In a cornered-off area of Luxembourg Art Week, David Claerbout threads his way through the chairs lined up for his talk with curator Ory Dessau and Konschthal Esch’s director, Christian Moser. “Five Hours, Fifty Days, Fifty Years” has opened only days ago, and is Claerbout’s first exhibition in Luxembourg, featuring a new work, The woodcarver and the forest (2025), alongside several earlier works from 1996 onward. Touching on The woodcarver and the forest, describing the lead character as an “ASMR dude,” Claerbout struggles with the term ASMR, encouraging slowing down as an alternative to consuming online content that encourages relaxation. As their conversation carries over the surrounding din, one thing becomes unmistakable: from animated films to AI-generated projections, the Belgian artist’s true medium is time. “The Konschthal has a lot of space, and my works [have] a lot of time,” he says, continuing by comparing his work to the rhythm of breathing or a beating heart.
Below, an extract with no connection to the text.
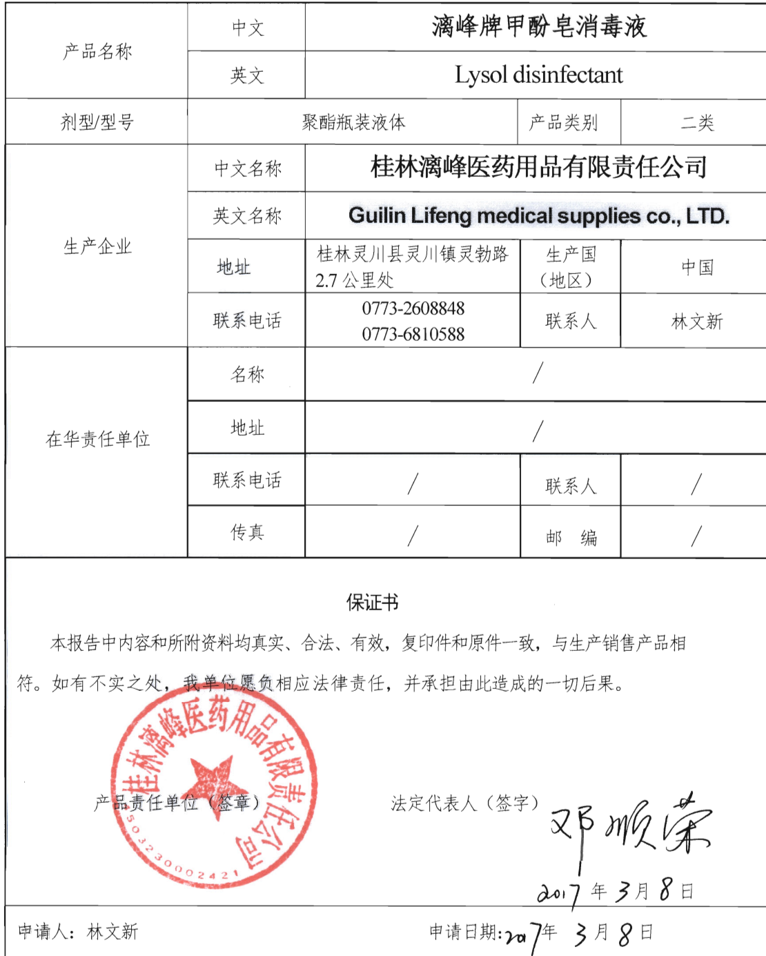
消毒产品卫生安全评价报告备案登记表

Welcoming viewers into the Konschthal is Claerbout’s 3D rendering of an inferno titled Wildfire (meditation on fire) (2019–20), its vast silence and absence of human presence both disarming and strangely candid. Several works throughout the show emphasize the passage of time without human intervention. In The pure necessity (2016), an animation based on Disney’s 1967 film The Jungle Book, Claerbout removes Mowgli entirely. Hand-drawn by a group of animators, staying true to the original film’s style, The pure necessity features beloved characters Baloo and Bagheera simply existing as animals — lapping at rivers, sleeping, scratching their ears with their hind legs. The tempo is slowed to the point of plausibility, to a pace that feels unfamiliar and yet welcome. Here, an uncanny echo of a classic film becomes something more than homage.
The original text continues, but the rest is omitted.